- Also known as: JVT
- Born: March 10, 1961 (age 65) Seattle, Washington, U.S.
- Origin: Phoenix, Arizona, U.S.
- Genres: Film score, synthpop, pop, pop rock
- Occupations: Composer, music producer, songwriter, keyboardist
- Instruments: Keyboards, synthesizer
- Years active: 1980s–present
- Member of: Trinom3
- Website: johnvantongeren.net

= John Van Tongeren =

American keyboardist (born 1961)

John Van Tongeren (born March 10, 1961) is an American keyboardist and composer for films and television.

== Biography ==
Van Tongeren's career in the entertainment business began as a keyboardist, with one of his earliest projects being the band Q, featuring Jon St. James and Stacey Swain (a.k.a. Stacey Q). Q then became SSQ, which released one album, Playback, on EMI records with John contributing four songs, most notably Anonymous. After leaving SSQ in the early '80s, Van Tongeren became an in-demand session musician and began composing music for movies. As a musician, he has worked with Chicago, Roger Daltrey, Robbie Nevil, John Parr, The Chantoozies, Starship, Jeff Beck, Quincy Jones, Al Jarreau, The Pointer Sisters, Living in a Box, Stryper, and others. He currently works out of The Blue Room, a recording studio in Los Angeles.

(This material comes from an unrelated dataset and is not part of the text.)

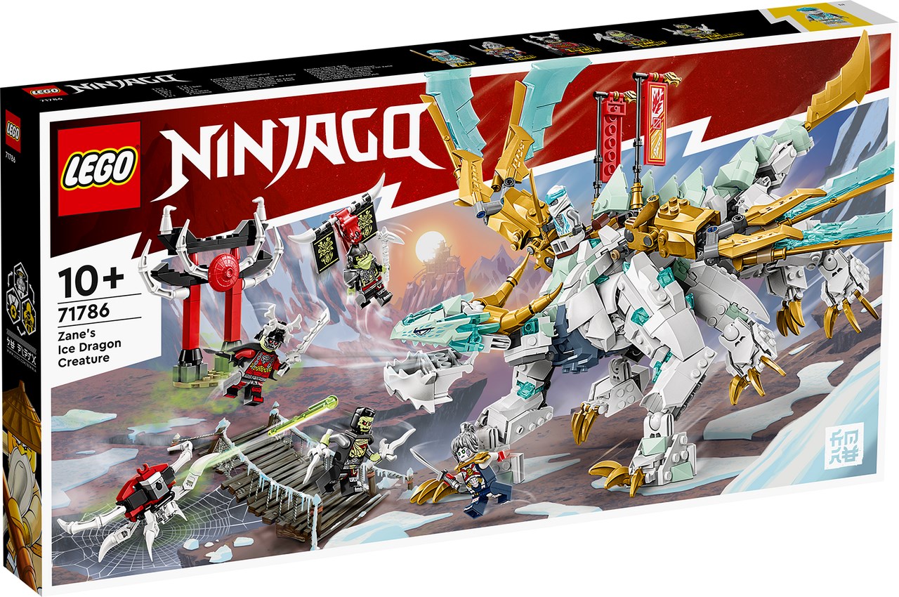 - Stavebnice Zaneův ledový drak od LEGO® NINJAGO® (71786) přináší vše, co mohou děti od 10 let potřebovat k přehrávání příběhů s hrdinnými nindži. Model NINJAGO 2 v 1 lze přestavět z pohyblivého ledového draka s 6 nohama, dlouhým ocasem, rohy a křídly se zlatými čepelemi na pohyblivého dračího válečníka na 2 nohách s velkým zlatým mečem.

Van Tongeren began his film scoring career as one of the original members of Media Ventures (now Remote Control Productions). During his time at Media Ventures Van Tongeren worked on films such as Thelma & Louise, True Romance and Drop Zone with Hans Zimmer. He also collaborated with Mark Mancina on Speed, Moll Flanders, Fair Game, Assassins and Twister.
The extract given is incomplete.